Why the Security Policy is Dying
Security policies, a familiar tool of the CTO or CISO, are dying off, and I am glad to see them go. Long narrative descriptions of a top-down prescribed security policy ideal are a meaningless effort that can now be replaced by a more sensible, accessible and effective process for defining security.
In my previous role as CTO for a startup, I was in charge of security policy. I managed that role as we always have; I started writing policies. Eventually, I had 20 narrative security policies. When a customer wanted to know about our security, I would show them the policies and they would be impressed. Customers never read all that text, though—and neither did anyone in my company.
It is hard to live by an unread policy, but that is not the only flaw of a security policy. In our world, where security threats and compliance requirements are increasing, an ineffective policy that takes up a lot of time is the last thing we need. Hard to map to standards, hard to put into practice and hard to validate: The complex and arcane security policy is a broken system that has to go. The replacement, control-centric security, takes its inspiration from Agile software development.
Lessons Learned From Software Design
Security is at a crossroads similar to where software development found itself during the early 2000s when we realized that our waterfall process was failing us. Before the Agile process changed software creation, we would start out a software project by writing reams of requirements, defining a critical path and then agreeing to a ten-month timeline. It never worked.
One change allowed software developers to rethink the entire process; that same change can now enable our improved security posture. The key is the user story. Instead of voluminous top-down requirements statements, agile processes rely on a plainly written sentence or two that explains who should do what and when. Each user story can be tackled individually and a test can be written to confirm that it is in place.
The user story is changing security just as it changed software development. The value of this process to security is vast and worth the dramatic shift from a top-down, narrative-centric process to a bottom-up, user stories-focused process.

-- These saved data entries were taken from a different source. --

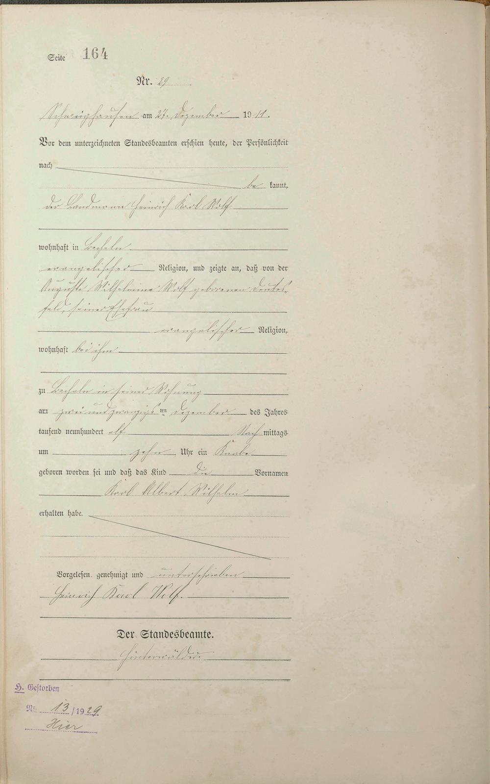 Geburtsregister 1911
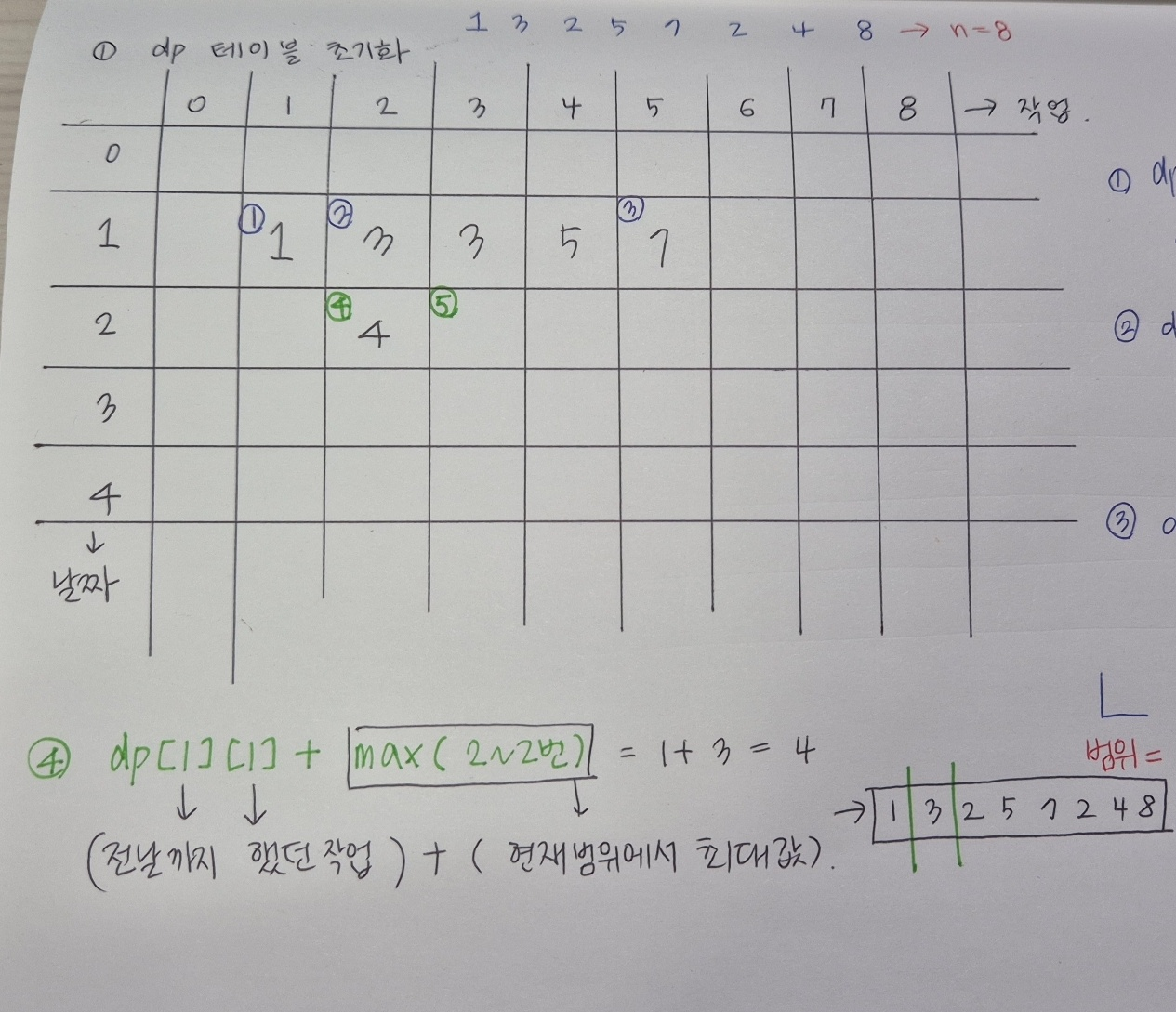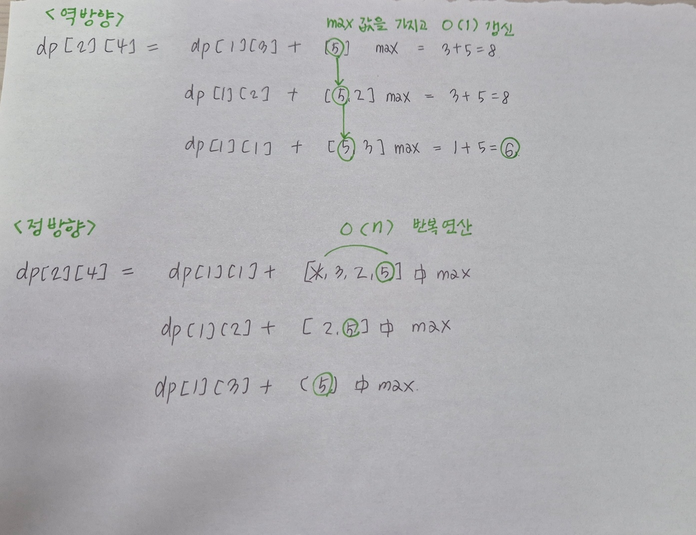 ์ด๋ฏ๋ก ๋ฒ์๋ฅผ ์ฒ์๋ถํฐ ๋๊น์ง ํ์ง ์๊ณ , dp[i][j-1]์๋ ์ง์ ๊น์ง์ ์ต๋๊ฐ์ด๋ฏ๋ก ์ง์ ๊ฐ๊ณผ ์ต๋๊ฐ์ ๋น๊ต ๊ฐฑ์ ํฉ๋๋ค.
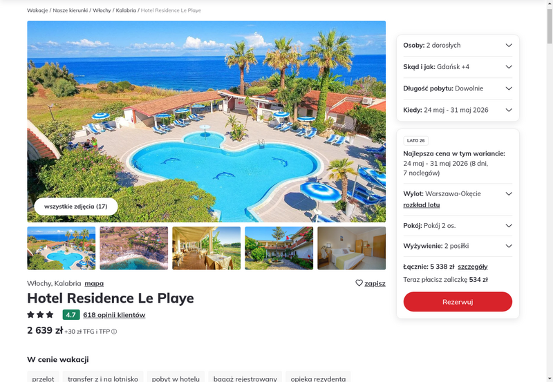 Aktualizacja: Słoneczne południe Włoch: Kalabria, 3* hotel z wyżywieniem za 1799 zł
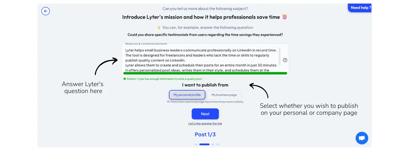 Publishing on LinkedIn cannot be improvised. That's where Lyter comes on the scene: he's not just helping you, he's (really) doing the job for you.
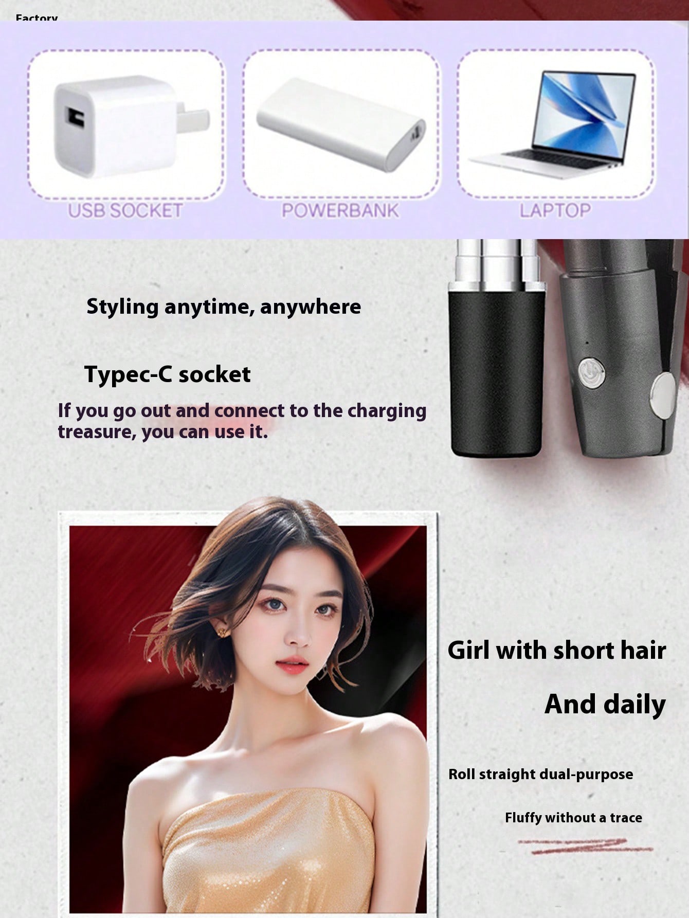 مصفف شعر صغير يعمل بالطاقة من USB 2 في 1، أداة تصفيف الشعر المحمولة للاستخدام في السكن الجامعي (غير

Control-Centric Security: Applying the User Story to Security
With user stories as a starting point, organizations can create a control-centric process for security driven by ground-up reporting. Owners of a security process write their own story instead of receiving it from on high.

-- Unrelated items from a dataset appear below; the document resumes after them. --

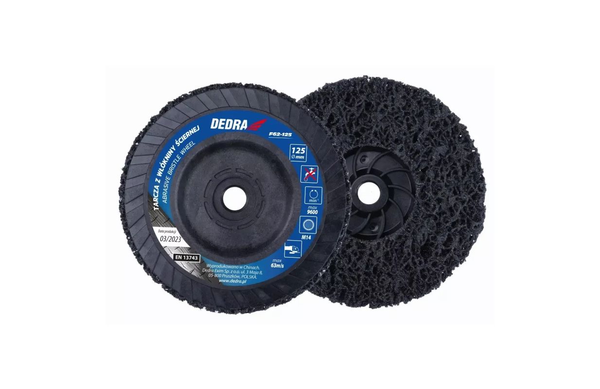 Нетканый абразивный диск DEDRA F62-125 из нейлонового волокна с покрытием из карбида кремния - надежный инструмент для установки на угловую шлифовальную машину.
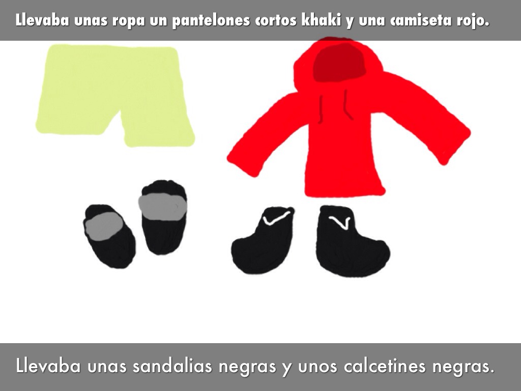 Llevaba unas ropa un pantelones cortos khaki y una camiseta rojo.
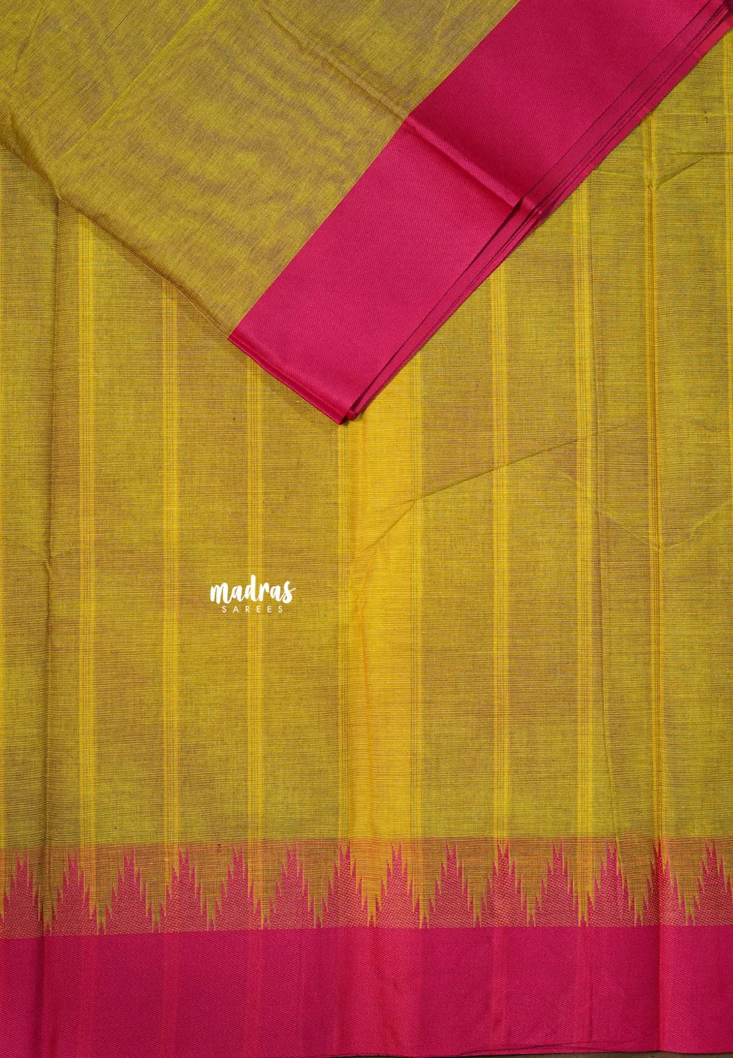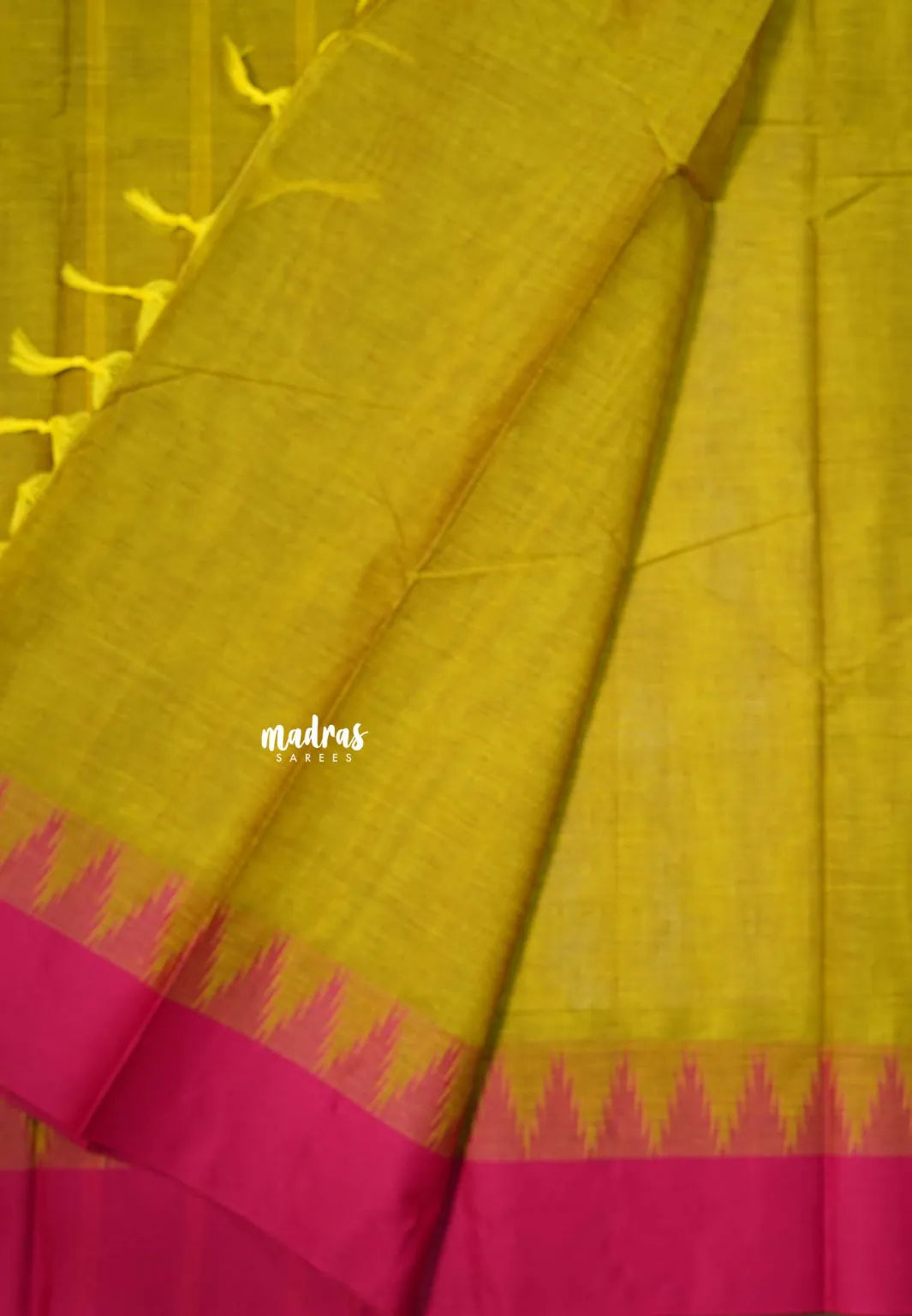 Yellowish Green - Karthigai silk cotton plain body with plain border with temple - Best for Gifting
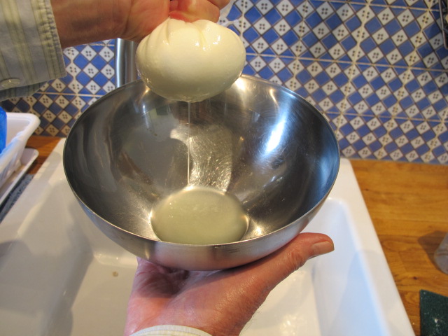 gather the material together and gently squeeze out about 60 ml of whey (liquid).
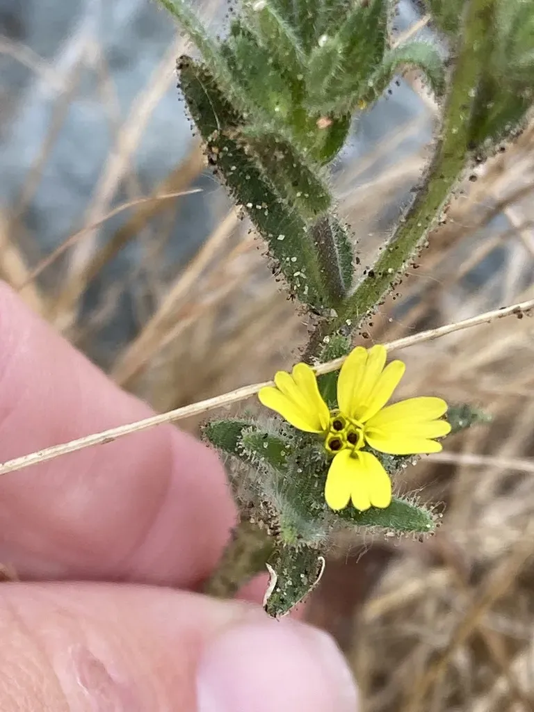 Madia sativa is an annual herbaceous plant in the Asteraceae family, native to the Americas, known for its sticky, aromatic foliage and yellow daisy-like flowers.

For example, a user story could say, “Access to APIs is authenticated and encrypted by the transport layer security (TLS) protocol over hypertext transfer protocol secure (HTTPS).” A test can be easily stated as, “Take a screenshot every quarter of the web service configuration showing HTTPS and TLS enabled.” We can assign a person to this task.

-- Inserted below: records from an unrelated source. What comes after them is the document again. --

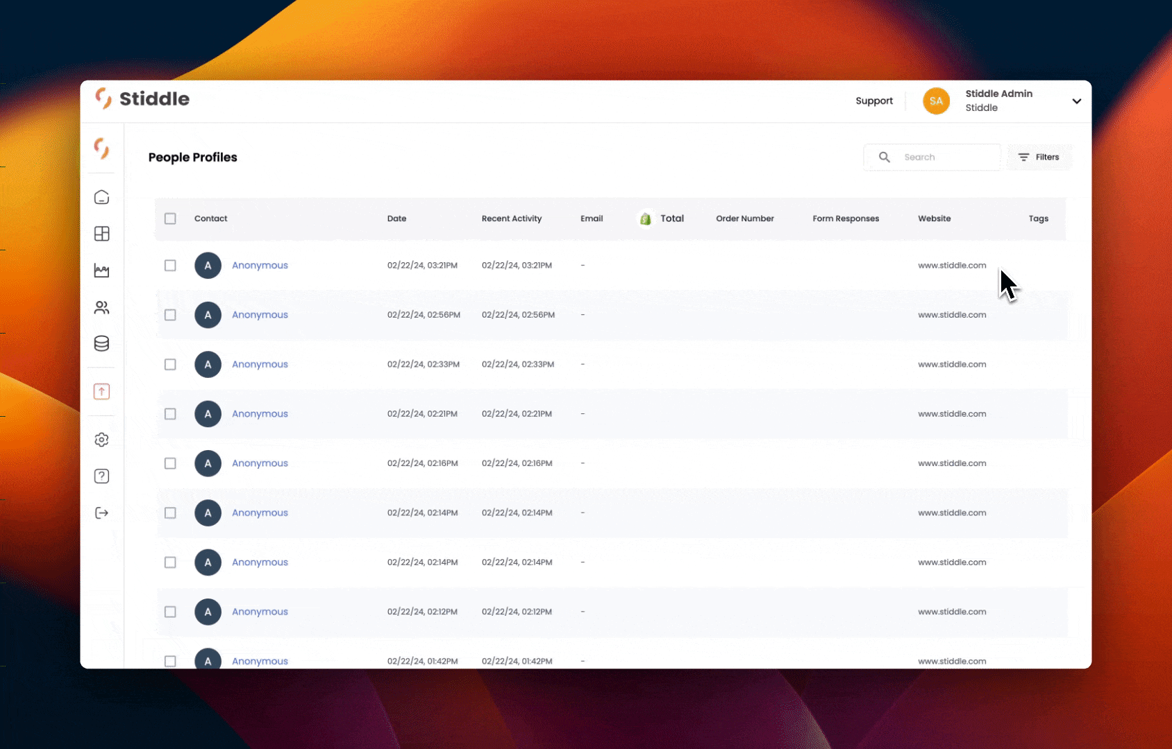 From here, you’ll see a complete overview of every website visitor and customer since the time you installed the Stiddle Pixel.
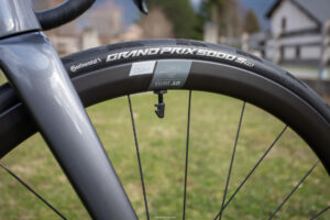 Ce montage asymétrique permet de conserver une excellente maniabilité sans compromettre la performance sur le plat ou en descente rapide. Le comportement global gagne en cohérence : le vélo reste vif et précis à l’avant, tout en capitalisant sur l’inertie et la rigidité de la roue arrière pour maintenir la vitesse.
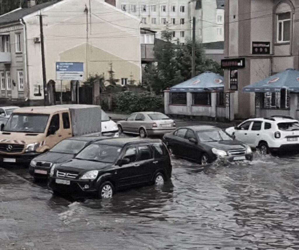 Під час сильних дощів центр Рівного не раз підтоплювало через перевантажену або застарілу систему водовідведення. Вода накопичувалася на дорогах і пішохідних зонах, ускладнюючи рух транспорту та пересування людей.
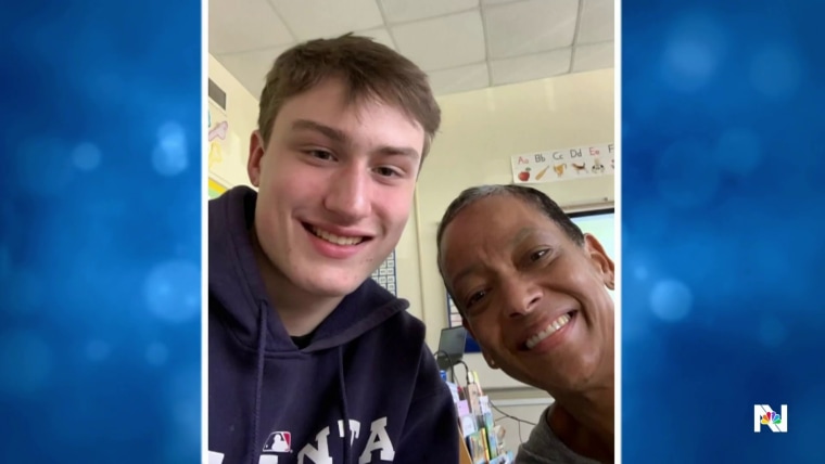 North Atlanta High School grad Jude Hamilton was surprised by a warm embrace and kind words from his favorite instructor, kindergarten teacher Kelly Laurent. Ms. Laurent says that even years later, she remembers Jude in an extra special way. NBC News’ José Diaz-Balart has the teary reunion.June 1, 2024

Instead of writing long documents that never get read, the CISO becomes a consumer of short, self-reported user stories. These stories are aggregated into a narrative that is in use the moment it’s written.
Magical Standards and Compliance
Once you have implemented a control-centric approach to security, you have performed a compliance magic trick; making the bulk of the work disappear from an audit.
When it comes time to respond to an audit or prove compliance, the first thing that a policy-centric CTO office does is to produce the narrative policy. Again, no one reads the policy. Then, the team has to fill out the table of controls and responses required by SOC 2, HIPAA or another standard.
With control-centric security, the stories become the controls. Associate them with the proper standards and you are ready for the auditor!
Shadow IT and Evolution: Managing Change
We know that the technology stack itself will constantly change. In one survey, 40% of CISOs believed their current cybersecurity strategy would be out of date in two years. As applications come and go, keeping a security policy up-to-date is impossible.
CISOs can lose a lot of sleep worrying about shadow IT. A business owner can quite easily subscribe to a new SaaS application and load sensitive information into it. Did they require complex passwords? Is the data stored securely?
In a control-centric process, that owner simply writes new user stories for that application and delivers them to the CISO. Instead of being imposed upon, the business owner is enabled and empowered.
As an organization grows, policies need to change. In our example of a control on an API that requires encryption, that might not be true for the new public API. It’s easy for the owner to rewrite the story to state that it applies only to APIs with private data.
Empowered Responsibility
At industry conferences, I often hear about getting the board to buy in and prioritize security. The board believes in security. The problem is not what the leadership believes, it is that the work and ownership are not distributed effectively. When I was the CTO, I had to manage the whole standard, but 60% of the standard was about business practices, not IT.
I have found that simplicity, transparency and empowerment are the keys to getting security controls in use. By ditching the “security by gravity” policy-centric approach altogether and building controls from user stories, we save time and run a more secure shop.